SOURCE MATERIAL —

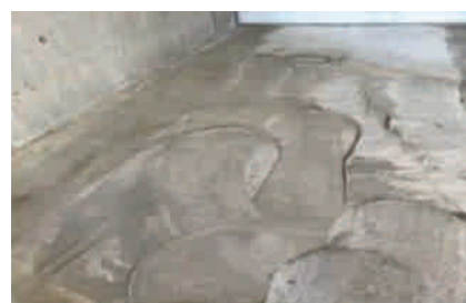
powierzchnia podczas szlifowania
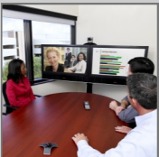
Gruppensystem für Konferenzräume
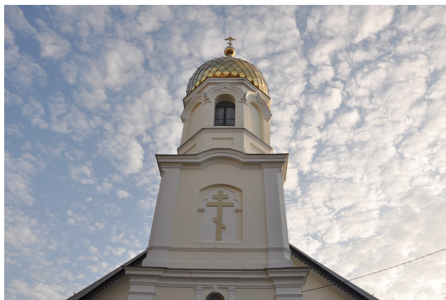
Фото 2. Верхняя часть колокольни увенчана луковичным куполом и восьмиконечным крестом. Фото Г. Поташенко, 2019 г.

На колокольне и восточном куполе, пристроенных в 1905–1906 гг., использованы также элементы национального русского стиля. Это было очень популярно в русской культуре «серебряного века» на рубеже XIX–XX вв. и с учетом неоклассицизма основного здания храма хорошо вписывалось в общеевропейский fin de siècle («конец века»). Сочетание этих архитектурных стилей модерна создает приятное многоголосие, точнее, двухголосие, гармонично дополняющее друг друга. Архитектурные формы Покровского храма подчеркивают молитвенное настроение и тонкое понимание красоты природы, окружающей Вильнюс: холмы, склоны, поросшие деревьями, и небо, часто покрытое облаками.

WORK TO COMPLETE — What the reply must contain is an exact transcription of the data above and none of its pictures.

EXERCISE SOLUTION —
powierzchnia podczas szlifowania
Gruppensystem für Konferenzräume
Фото 2. Верхняя часть колокольни увенчана луковичным куполом и восьмиконечным крестом. Фото Г. Поташенко, 2019 г.

На колокольне и восточном куполе, пристроенных в 1905–1906 гг., использованы также элементы национального русского стиля. Это было очень популярно в русской культуре «серебряного века» на рубеже XIX–XX вв. и с учетом неоклассицизма основного здания храма хорошо вписывалось в общеевропейский fin de siècle («конец века»). Сочетание этих архитектурных стилей модерна создает приятное многоголосие, точнее, двухголосие, гармонично дополняющее друг друга. Архитектурные формы Покровского храма подчеркивают молитвенное настроение и тонкое понимание красоты природы, окружающей Вильнюс: холмы, склоны, поросшие деревьями, и небо, часто покрытое облаками.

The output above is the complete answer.